* Exercise requirements
The entries below contain a line with "新世纪:苏州市吴江交通投资集" and a line with "Ảnh chụp facebook". Quote exactly those two lines and all lines between them.

* Provided information
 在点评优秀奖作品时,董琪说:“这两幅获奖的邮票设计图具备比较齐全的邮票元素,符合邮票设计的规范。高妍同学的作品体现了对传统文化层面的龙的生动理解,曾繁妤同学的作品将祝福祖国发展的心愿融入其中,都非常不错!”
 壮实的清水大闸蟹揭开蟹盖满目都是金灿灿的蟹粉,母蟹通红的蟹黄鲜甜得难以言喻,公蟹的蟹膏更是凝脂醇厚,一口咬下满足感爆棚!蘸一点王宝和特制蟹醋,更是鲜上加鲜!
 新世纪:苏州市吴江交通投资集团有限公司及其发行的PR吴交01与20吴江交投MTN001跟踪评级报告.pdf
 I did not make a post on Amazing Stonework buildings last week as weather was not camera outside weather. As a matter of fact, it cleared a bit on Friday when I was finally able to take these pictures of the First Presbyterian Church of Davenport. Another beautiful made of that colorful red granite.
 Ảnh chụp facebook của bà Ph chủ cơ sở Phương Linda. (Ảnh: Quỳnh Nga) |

==

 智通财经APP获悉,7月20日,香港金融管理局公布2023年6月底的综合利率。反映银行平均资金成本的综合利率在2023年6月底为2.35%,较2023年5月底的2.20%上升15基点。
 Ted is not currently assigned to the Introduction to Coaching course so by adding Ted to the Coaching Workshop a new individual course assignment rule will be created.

* Answer for the task
 新世纪:苏州市吴江交通投资集团有限公司及其发行的PR吴交01与20吴江交投MTN001跟踪评级报告.pdf
 I did not make a post on Amazing Stonework buildings last week as weather was not camera outside weather. As a matter of fact, it cleared a bit on Friday when I was finally able to take these pictures of the First Presbyterian Church of Davenport. Another beautiful made of that colorful red granite.
 Ảnh chụp facebook của bà Ph chủ cơ sở Phương Linda. (Ảnh: Quỳnh Nga) |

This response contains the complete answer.